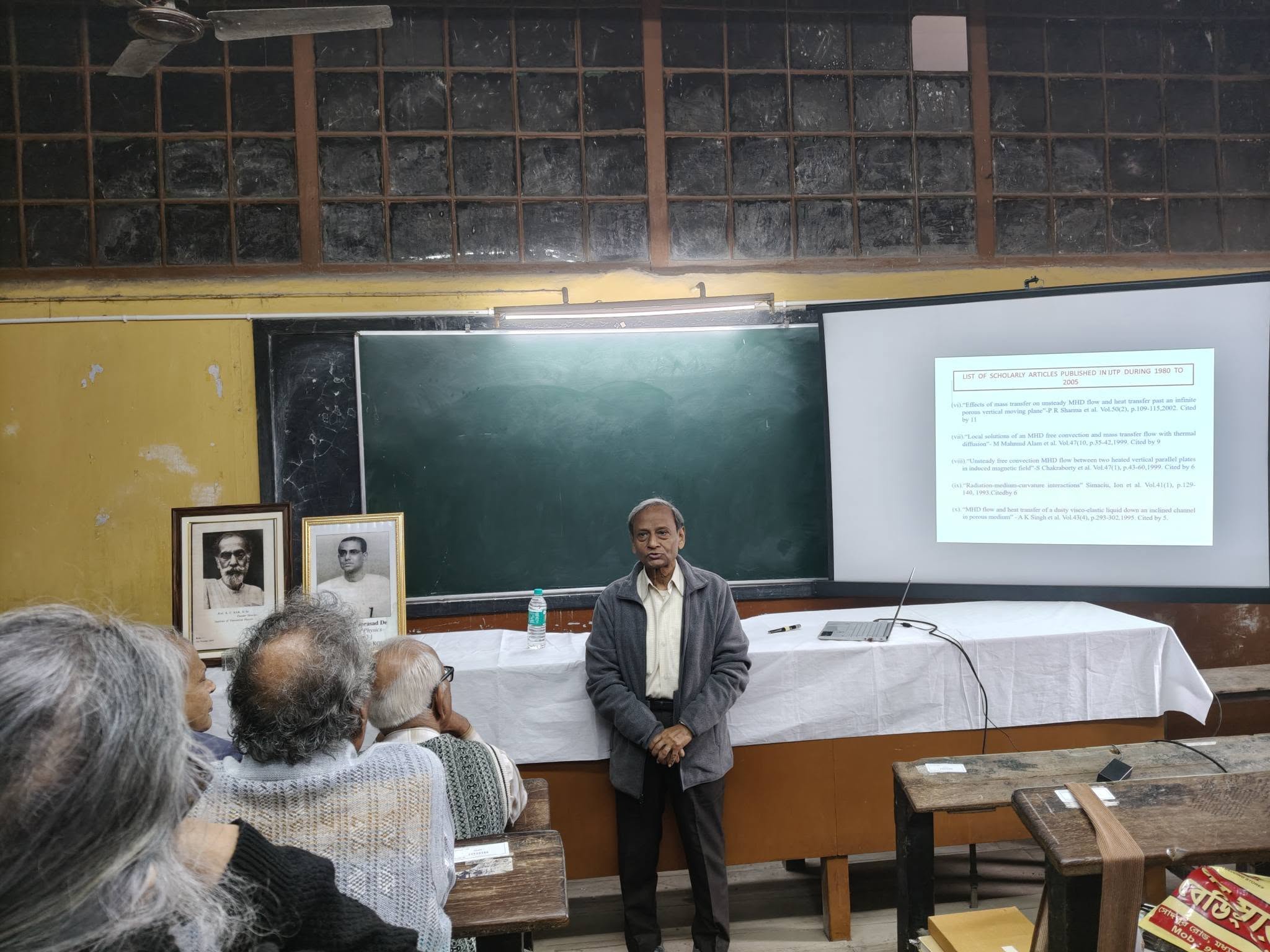 Prof. Haraprasad De memorial lecture was given by Dr. Joydip Mitra, Scottish Church College, Kolkata.Introduction of Prof. Haraprasad De was given by Dr. Sushil Sarkar, an ex-faculty of Vidyasagar College and Secretary, CITP. Introduction of Dr. Joydip Mitra was given by Dr. Saugata Bhattacharyya. The title of Dr. Mitra’s talk was ‘Playing with Dimensions: Math, Myth and Physics’. He gave new informations regarding Prof. De. Then he talked about dimensions in Physics, related history and concepts.
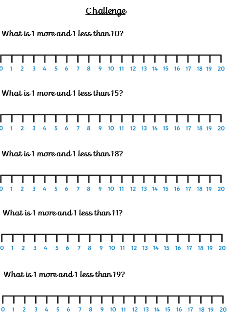 We have been looking at 1 more and 1 less of different numbers together this week using number lines. Today, you are going to have a go at answering some questions independently.
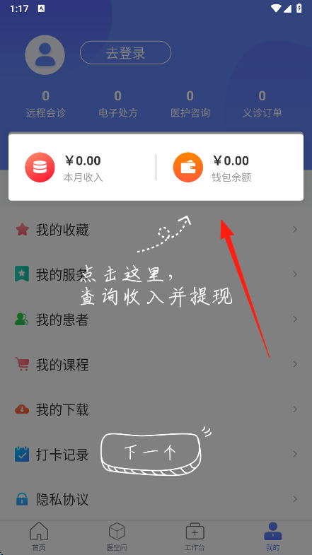 2、切换到底部导航我的页面,在页面上方找到本月收入与钱包余额区域,点击进入,能查询收入明细,按指引操作可进行提现流程。
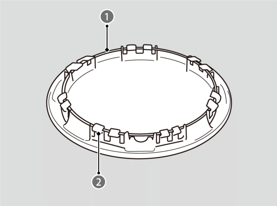 ホイールカバーを取り付ける前に、裏面の爪がリングに正しく組み付いていることを確認してください。 正しく組み付いていないとホイールカバーが外れる原因となります。また、爪が折れているときはホイールカバーを取り付けないでください。
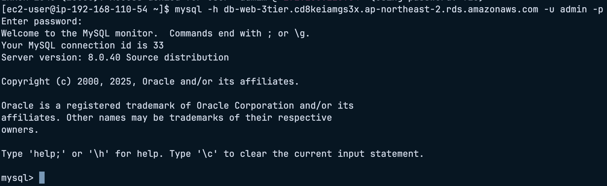 mysql -h {rds 엔드포인트} -u {admim} -p
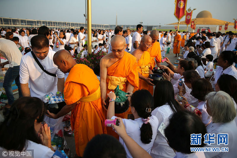 泰国庆祝万佛节 佛教僧侣参加“布施”仪式场面壮观
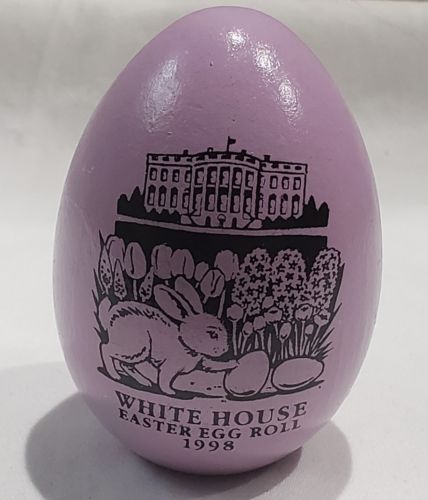 Title (ebay affiliate link): *SUPER RARE* 1998 White House Lavend Wooden EASTER EGG Roll Bill Hillary Clinton
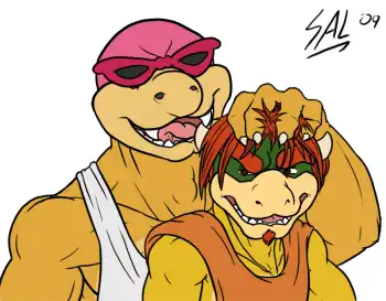 - Fantasy Counterpart Culture: Word of God from TreIII is that the Koopa family's culture is equivalent to African American, as scalies are a minority in a society of furries. The Koopa family also has some Eastern Dragon lineage through Bowser's ancestry, implying Asian descent as well. The Roommates team chose intentionally not to follow a specifically Korean or Zainichi Korean ethnic angle for the Koopa family itself, allowing the reader to use their own imagination.
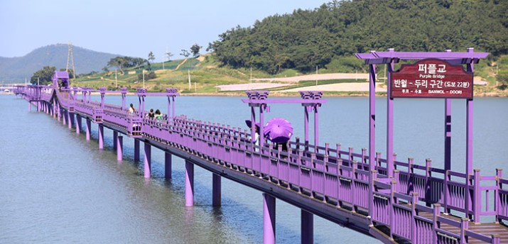 신안 퍼플섬 퍼플교는 안좌도, 반월도, 박지도를 연결하는 보라색 해상 보행교입니다. 각각의 다리 길이는 문브릿지 380m, 반월-박지 간 퍼플교 915m, 박지-안좌 간 퍼플교 547m입니다. 걷기만 해도 약 30분 정도 소요되며, 전천후 교량인 부잔교가 열릴 때 배들이 지나가는 모습을 감상할 수 있습니다.
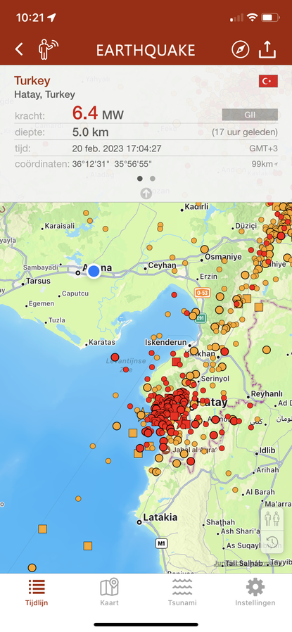 Blik op het alleszeggende lijstje met aardbevingen in februari in Turkije. In de blauwe stip Incirlik.
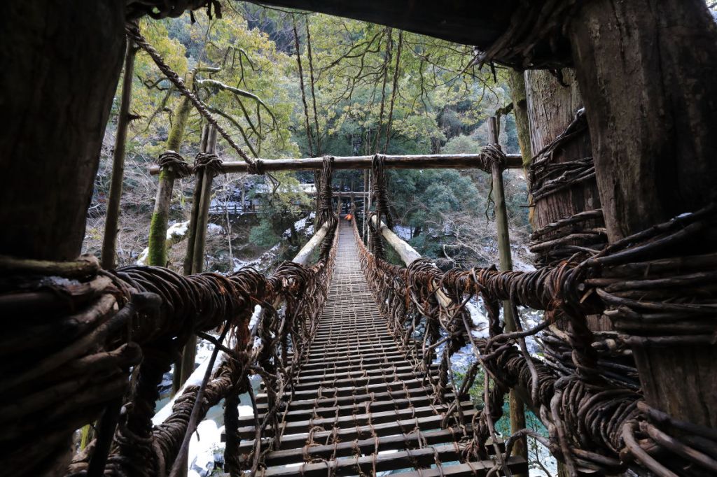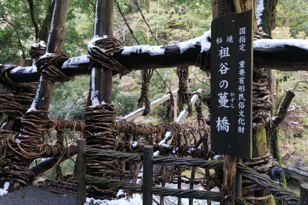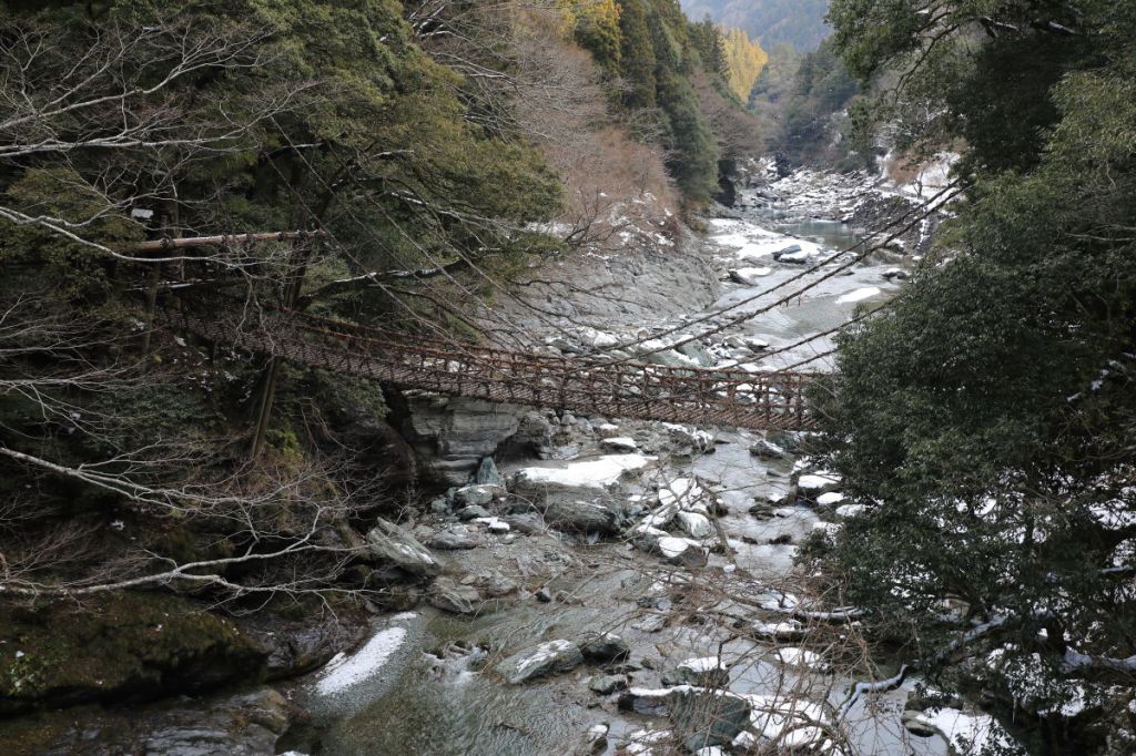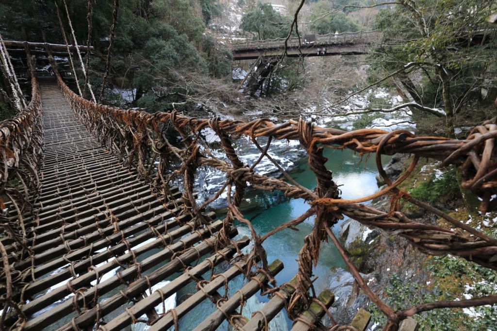 今日は朝から祖谷渓谷にあるかずら橋に行きます。かずら橋はサルナシなどの葛類を使ってかけられた橋で、長さ45m、幅2m、谷からの高さ14mで日本三大奇橋の一つで、重要有形民俗文化財となっています。現在の橋は安全のためワイヤーを葛で装飾しているらしく見た目よりは安全に作られているそうです。
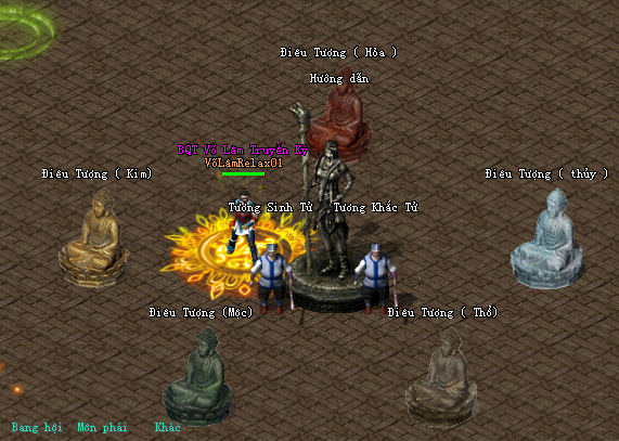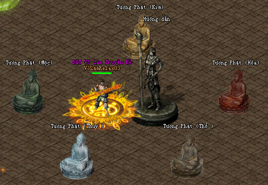 1 người mở tượng phật theo thứ tự Kim - Mộc - Thủy - Hỏa -Thổ , sau đó sẽ hiện ra 18 con đồng nhân (có phản dame) đánh chết hết ra con boss Đồng nhân (cũng có phản dame) , đánh chết là qua ải.

☆ ☆ ☆

Task to carry out: Output verbatim the lines beginning at the line with "2、切换到底部导航我的页面,在页面上方找" and ending at the last line of the material above, inclusive. Do not carry over any pictures.

Task answer:
 2、切换到底部导航我的页面,在页面上方找到本月收入与钱包余额区域,点击进入,能查询收入明细,按指引操作可进行提现流程。
 ホイールカバーを取り付ける前に、裏面の爪がリングに正しく組み付いていることを確認してください。 正しく組み付いていないとホイールカバーが外れる原因となります。また、爪が折れているときはホイールカバーを取り付けないでください。
 mysql -h {rds 엔드포인트} -u {admim} -p
 泰国庆祝万佛节 佛教僧侣参加“布施”仪式场面壮观
 Title (ebay affiliate link): *SUPER RARE* 1998 White House Lavend Wooden EASTER EGG Roll Bill Hillary Clinton
 - Fantasy Counterpart Culture: Word of God from TreIII is that the Koopa family's culture is equivalent to African American, as scalies are a minority in a society of furries. The Koopa family also has some Eastern Dragon lineage through Bowser's ancestry, implying Asian descent as well. The Roommates team chose intentionally not to follow a specifically Korean or Zainichi Korean ethnic angle for the Koopa family itself, allowing the reader to use their own imagination.
 신안 퍼플섬 퍼플교는 안좌도, 반월도, 박지도를 연결하는 보라색 해상 보행교입니다. 각각의 다리 길이는 문브릿지 380m, 반월-박지 간 퍼플교 915m, 박지-안좌 간 퍼플교 547m입니다. 걷기만 해도 약 30분 정도 소요되며, 전천후 교량인 부잔교가 열릴 때 배들이 지나가는 모습을 감상할 수 있습니다.
 Blik op het alleszeggende lijstje met aardbevingen in februari in Turkije. In de blauwe stip Incirlik.
 今日は朝から祖谷渓谷にあるかずら橋に行きます。かずら橋はサルナシなどの葛類を使ってかけられた橋で、長さ45m、幅2m、谷からの高さ14mで日本三大奇橋の一つで、重要有形民俗文化財となっています。現在の橋は安全のためワイヤーを葛で装飾しているらしく見た目よりは安全に作られているそうです。
 1 người mở tượng phật theo thứ tự Kim - Mộc - Thủy - Hỏa -Thổ , sau đó sẽ hiện ra 18 con đồng nhân (có phản dame) đánh chết hết ra con boss Đồng nhân (cũng có phản dame) , đánh chết là qua ải.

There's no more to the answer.